____ Data for the task

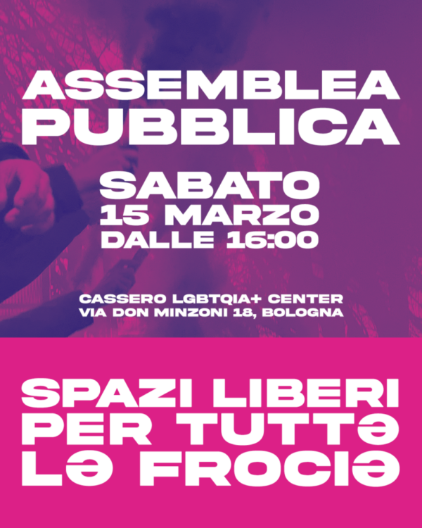Dopo la partecipatissima assemblea del 6 febbraio al Cassero, e la manifestazione antifa del 15 febbraio, il movimento LGBTQIA+ antifascista, transfemminista e antirazzista prosegue il percorso di convergenza e di elaborazione incontrandosi in una seconda assemblea pubblica sabato 15 marzo alle 16.00 al Cassero in via Don Minzoni 18* .
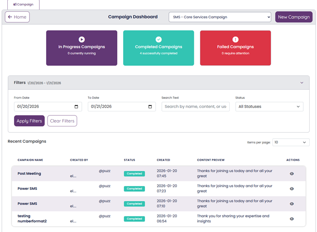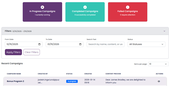 This view displays all campaigns scheduled, active, or completed within the chosen timeframe.You can apply filters to specify your search according to your preferences.
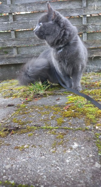 Grå med hvit flekk på halsen. Bustete hale. Sjenert og litt redd kattunge på 7 mnd
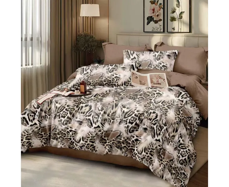 Este moale, ceea ce aduce o nota de confort. Cu toate acestea este si un material dur, asa ca in timp nu se deterioreaza atat de usor si pastreaza rezistenta si la culorile, design-ul unei lenjerii. Lenjeriile de pat dublu cu imprimeu sunt realizate folosind reactivi astfel ca nu vor iesi culorile la spalare. Materialul este bumbac finet-satinat cu o greutate de 215 gr / mp.
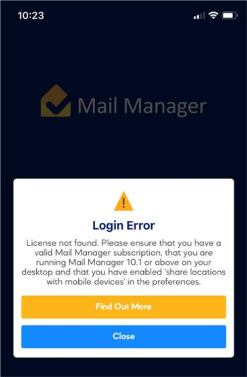 After logging into your Microsoft 365 Account using the Mail Manager mobile app the following login error appears:.
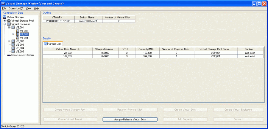 The following describes the window displayed when you select the virtual target name under the Virtual Enclosure in the Composition Data tree.
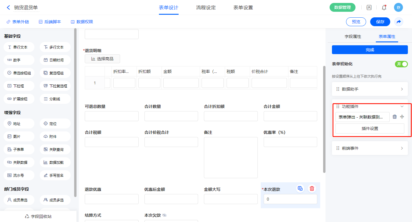 2)表单初始化新增功能模块【表单弹出-关联数据到子表单】;
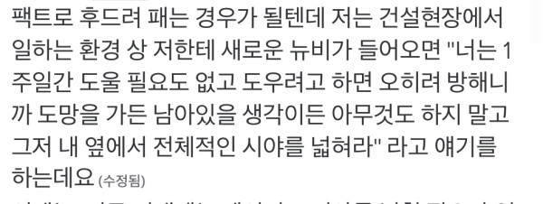 1. 막노동이라도 해보던가. 노동 한번 재대로 한 것도 없는 새끼가 아가리 좆 같이 터네. “ 사수로서 여러모로 일하고 싶은 분이군요.” 취업이나 되고 말하라고

________

*Exercise brief*: Repeat exactly the lines from the first line of the records above through the line containing "Grå med hvit", leaving out the pictures.

*Reply*:
Dopo la partecipatissima assemblea del 6 febbraio al Cassero, e la manifestazione antifa del 15 febbraio, il movimento LGBTQIA+ antifascista, transfemminista e antirazzista prosegue il percorso di convergenza e di elaborazione incontrandosi in una seconda assemblea pubblica sabato 15 marzo alle 16.00 al Cassero in via Don Minzoni 18* .
 This view displays all campaigns scheduled, active, or completed within the chosen timeframe.You can apply filters to specify your search according to your preferences.
 Grå med hvit flekk på halsen. Bustete hale. Sjenert og litt redd kattunge på 7 mnd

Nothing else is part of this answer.